PsychoQeeny schrieb:


> interessant , was AMD sich einfallen lässt ... (um vieleicht Bulldozer besser zu verklaufen?)


 


 schon klar. AMD macht ein Aktion um ein Produkt zu fördern, ohne das dies Produkt auf dem Markt ist.  Weit hergeholt ist noch gelinde ausgedrückt. Aber hauptsache einen Post los gelassen. 

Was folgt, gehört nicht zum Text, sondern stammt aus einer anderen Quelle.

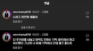 뉴챔프는 2024년 1월 20일 자신의 SNS에 "죄송합니다"라며 "제가 장난으로 쓴 댓글이 이런 파장을 일으킬 줄 몰랐다. 제가 너무 한심하고 통탄스럽다"고 사과문을 올려 많은 이들의 비판을 받았습니다.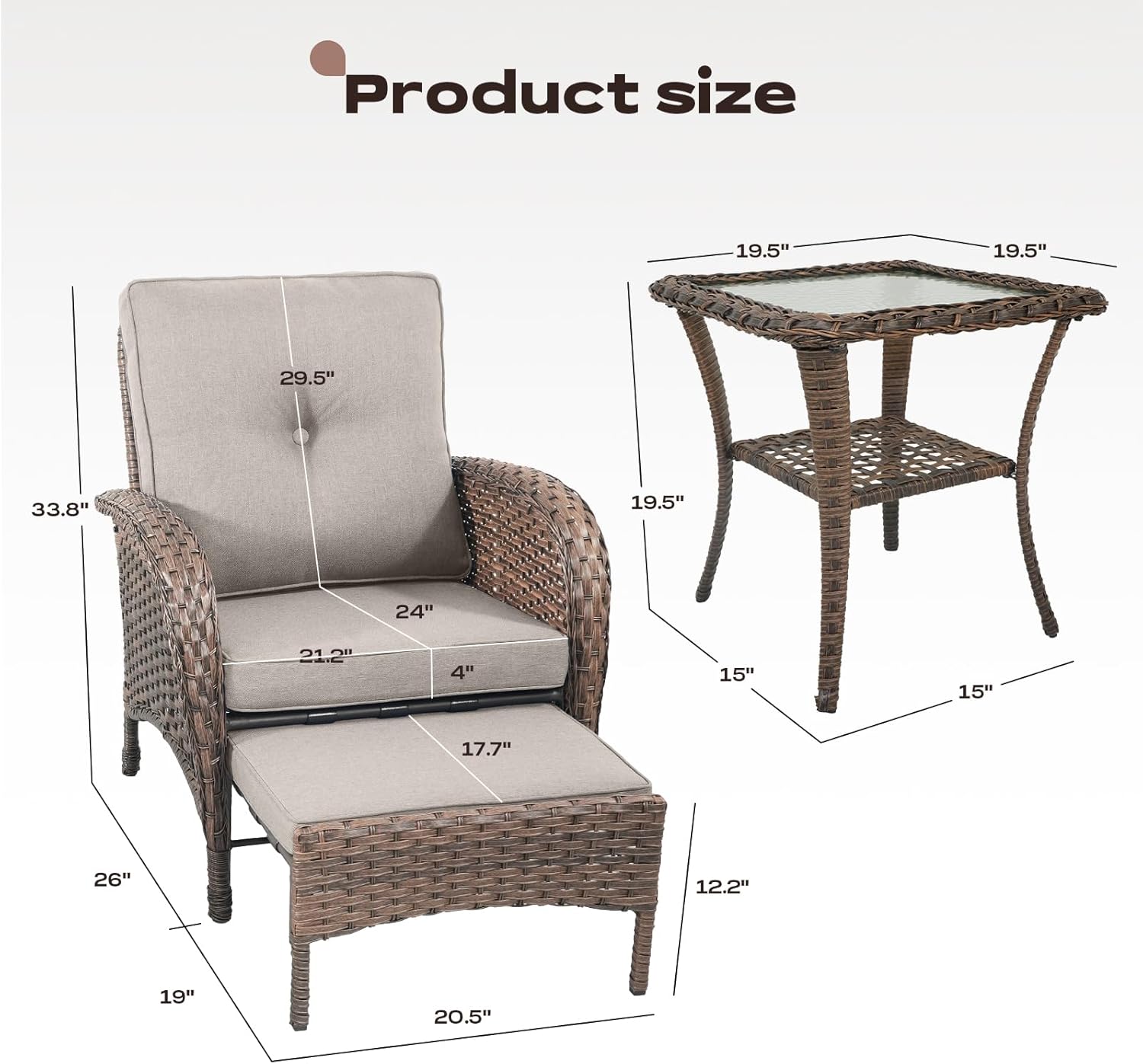 - Hidden Footrest Ottoman: Stretch out and relax instantly! Pulls out for comfort, stores under your chair effortlessly. Maximize balcony space, maintain tidy elegance.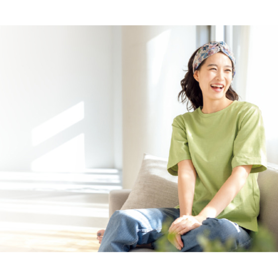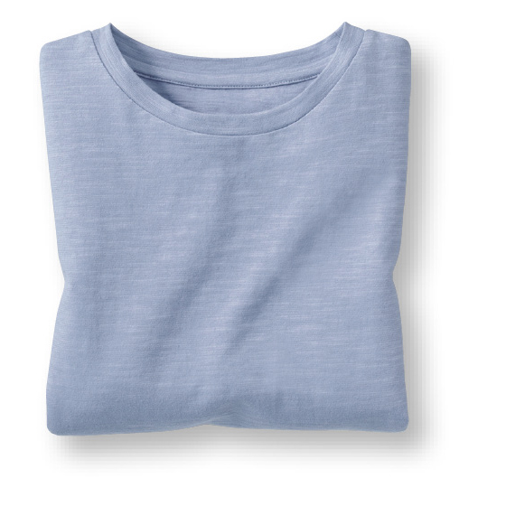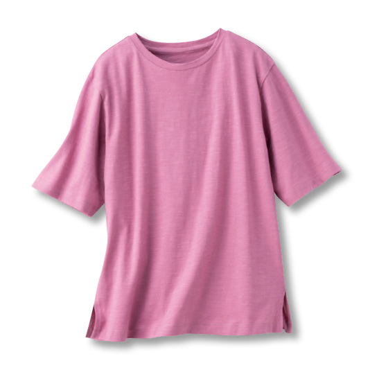 肌離れのいい表面感のあるスラブ天竺素材。ゆったり5分袖で二の腕カバー。両わきにスリット入り。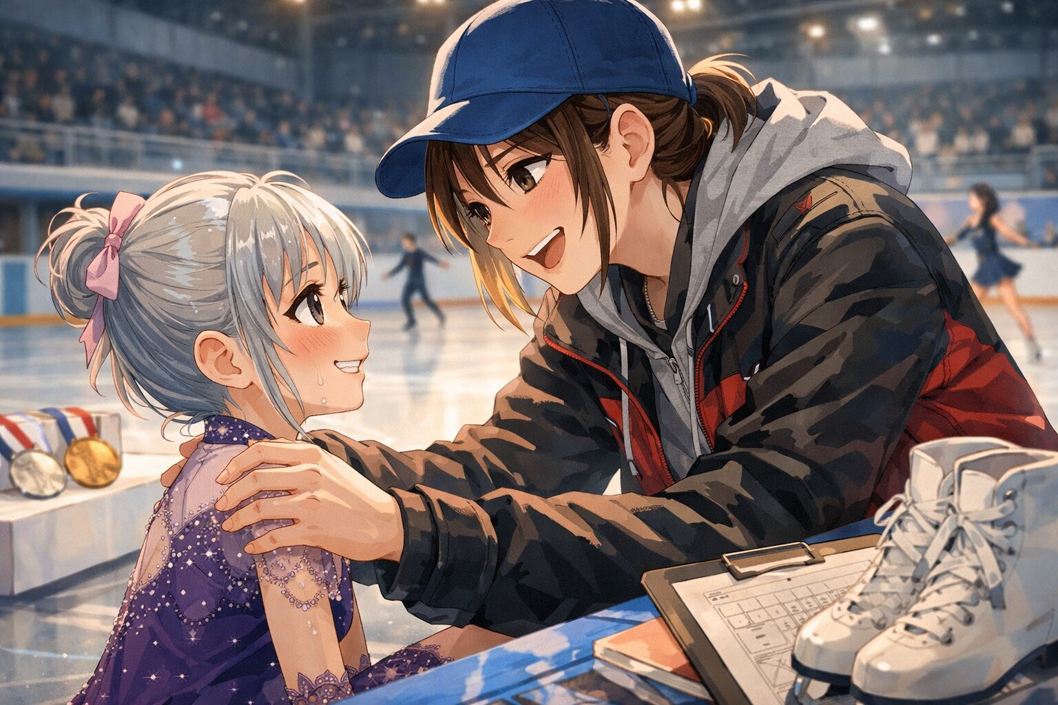 なっちんとミケの関係性を語るとき、どうしても避けて通れないのが、「弱さの扱い方」です。ミケは、競技者としての資質以前に、感情の揺れ幅が大きい。自分を疑う速度が速く、周囲の視線を過剰に背負ってしまう。その性質は、フィギュアスケートという競技において、致命傷にもなり得る。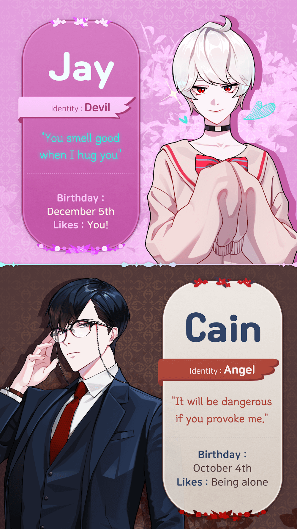 You will interact with four characters from the beginning to the end of the game. There are many interactions, scenes, and complex relationships between them. The first is Arthur, who is significantly younger than the main character and despises being seen as an older brother in any situation. Han may appear cold outside, but he has a soft side and enjoys drinking on date nights, just like the next guy. When you feel down, Jay is always ready to hug you and love you. On the other hand, Cain despised solitude because it bore him. After all, he had no siblings to bother him.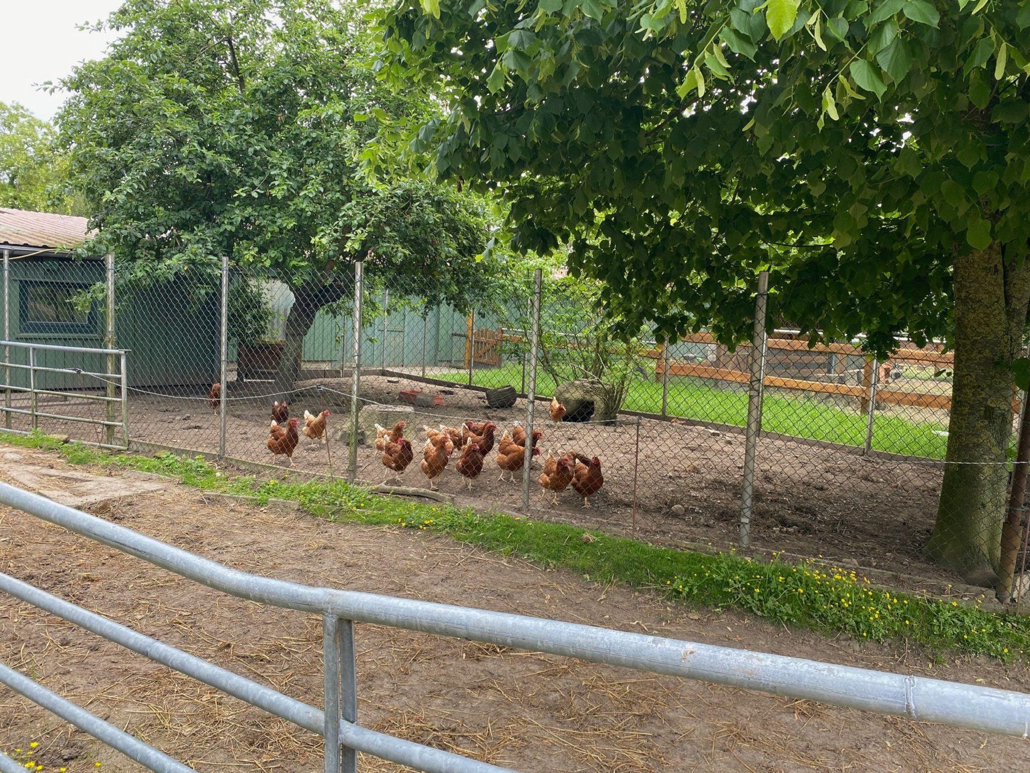 Der Innenhof verfügt über einen großzügig angelegten Spiel- und Freizeitbereich mit viel Sand. Zahlreiche Kleintiere und zwei Ponys zum Streicheln und Liebhaben warten in ihren natürlichen Gehegen auf unsere kleinen Gäste.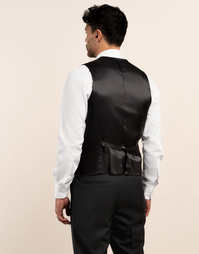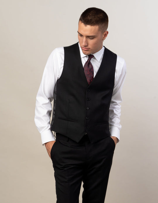 Elevate your style and comfort with the Churchill Jet Black Waistcoat. Tailored with the finest pure merino wool, this waistcoat boasts a super 120's quality that sets it apart. The perfect choice for any event, this waistcoat is a versatile addition to your wardrobe. To make a lasting impression, pair it with the matching jacket and trouser for a refined three piece suit.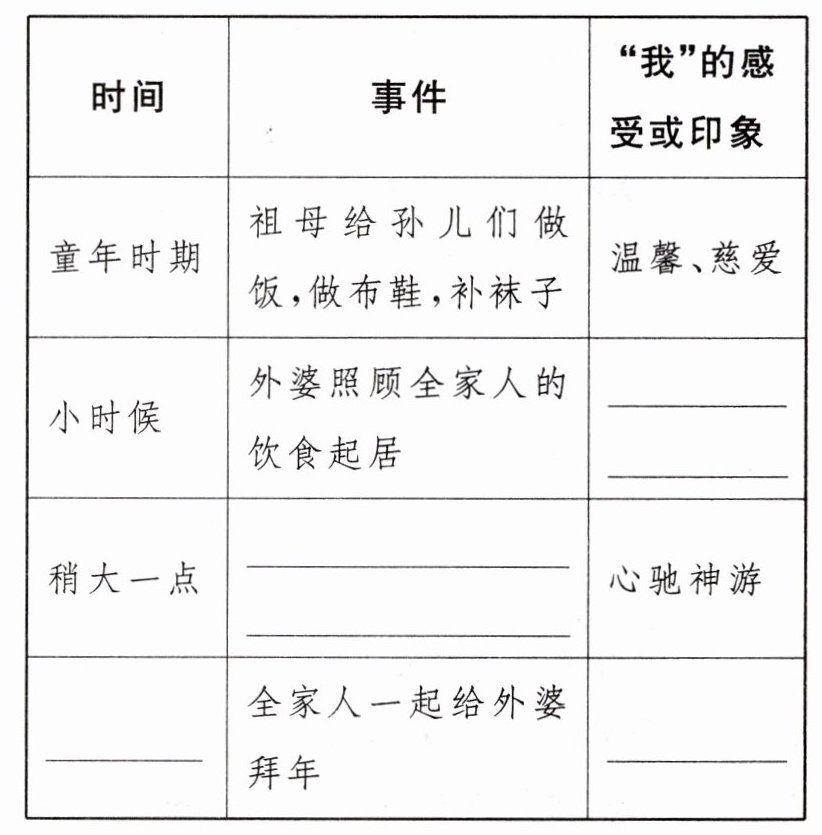 6. 文章按照时间顺序记叙了“我”与祖母、外婆之间的几件事,让人读后倍感温馨。请你阅读全文,结合文章内容补全下面的表格。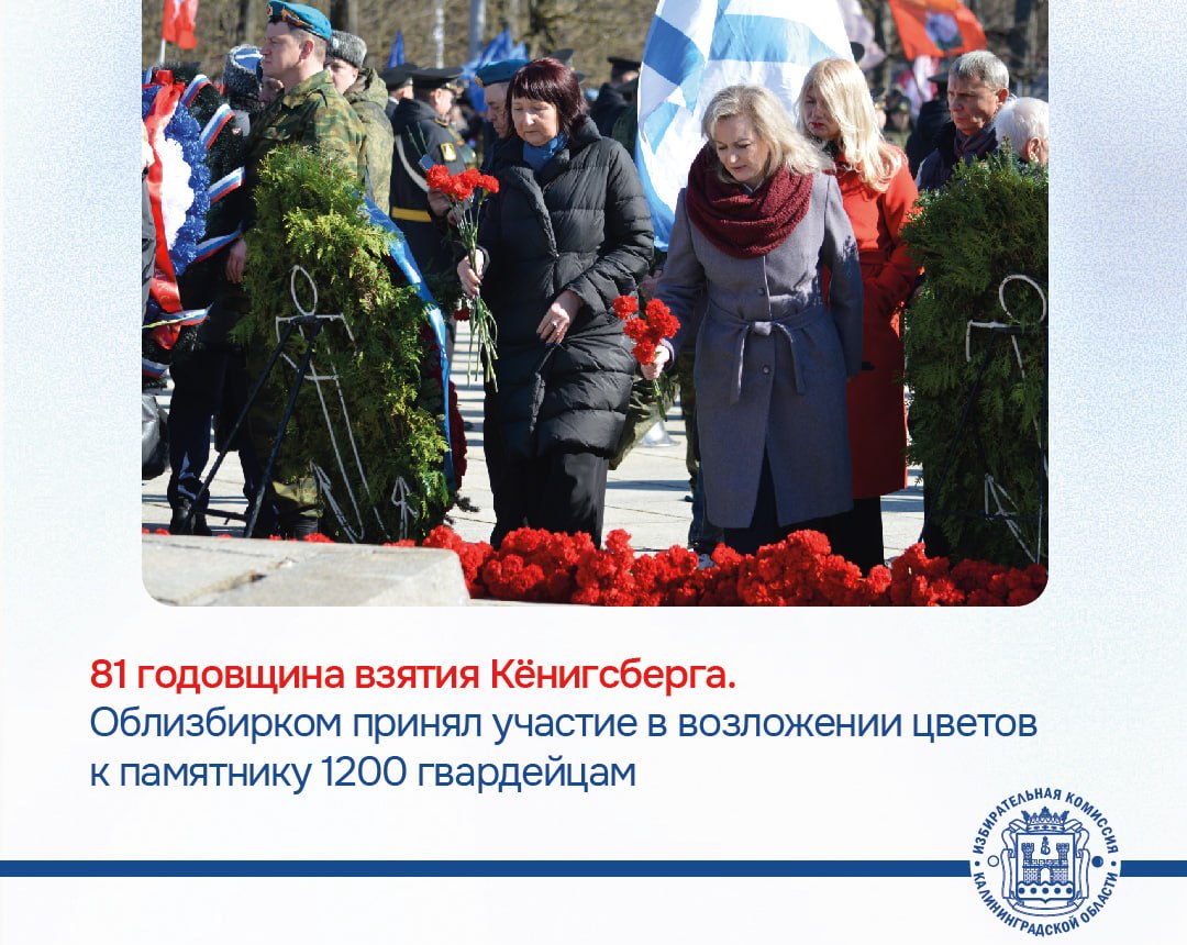 По традиции в церемонии, проводимой в день взятия Кенигсберга, приняли участие ветераны боевых действий, руководители города и области, Балтийского флота, представители всех ветвей власти, общественных движений и политических партий, жители региона.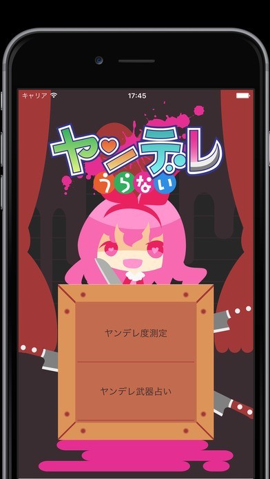 自分がヤンデレなのか気になる方や、カップルでお互いのヤンデレ度を診断してみたい方には、『ヤンデレ占い』が役立ってくれます。2種類のモードを搭載しており、ヤンデレ度測定では質問に答えることで心の奥底に潜むヤンデレ度合いをパーセント表示。どんなタイプのヤンデレなのかも教えてくれるため、彼氏や彼女、友達と一緒に占えば、お互いの意外な姿を知ることができるでしょう。ヤンデレ武器占いではデフォルメ調のかわいいイラストで、ヤンデレ武器を表現しています。日本刀や鉤爪、さらには手錠に五寸釘などが登場。ちょっとした暇つぶしとして、自分や恋人のタイプに合ったヤンデレ武器を探してみてはいかがでしょうか。

@ Top: Schöne Sache das. Da läst sich AMD die Beteiligung was kosten.


----------



## Resax (6. September 2011)

*AW: Dirt 3 kostenlos für AMD Produkte Besitzer*

hmm die nummer ist nicht irgendwo in der software  gespeichert?


----------



## Franzl (6. September 2011)

*AW: Dirt 3 kostenlos für AMD Produkte Besitzer*

ist denn jetz die cpu oder gpu gemeint? bin grad leicht verwirrt ...


----------



## DarkMo (6. September 2011)

*AW: Dirt 3 kostenlos für AMD Produkte Besitzer*

da amd sowohl gpu's als auch cpu's als produkte anbietet, sollte es wurscht sein *denk* ^^ ich liebäugel ja scho länger mit dirt3, aber muses unbedingt steam sein? ^^ najut, mit versand wärs ja nur aufwand, also irgendwo verständlich.

nur: is das jetz was seriöses oder eher nich? wegen diesem "leaked keys" thema. und auch hier nochmal die frage: wo find ich diese id denn? ^^ geht das überhaupt mit älteren produkten? oder müssen die neueren kaufdatums sein?


----------



## Rurdo (6. September 2011)

*AW: Dirt 3 kostenlos für AMD Produkte Besitzer*

Hey leute, wo find ich den Code von meinem X6?


----------



## Alte-Schule (6. September 2011)

*AW: Dirt 3 kostenlos für AMD Produkte Besitzer*

Lol was für ein Fail von AMD.


----------



## PsychoQeeny (6. September 2011)

*AW: Dirt 3 kostenlos für AMD Produkte Besitzer*



kuer schrieb:


> schon klar. AMD macht ein Aktion um ein Produkt zu fördern, ohne das dies Produkt auf dem Markt ist.  Weit hergeholt ist noch gelinde ausgedrückt. Aber hauptsache einen Post los gelassen.
> 
> @ Top: Schöne Sache das. Da läst sich AMD die Beteiligung was kosten.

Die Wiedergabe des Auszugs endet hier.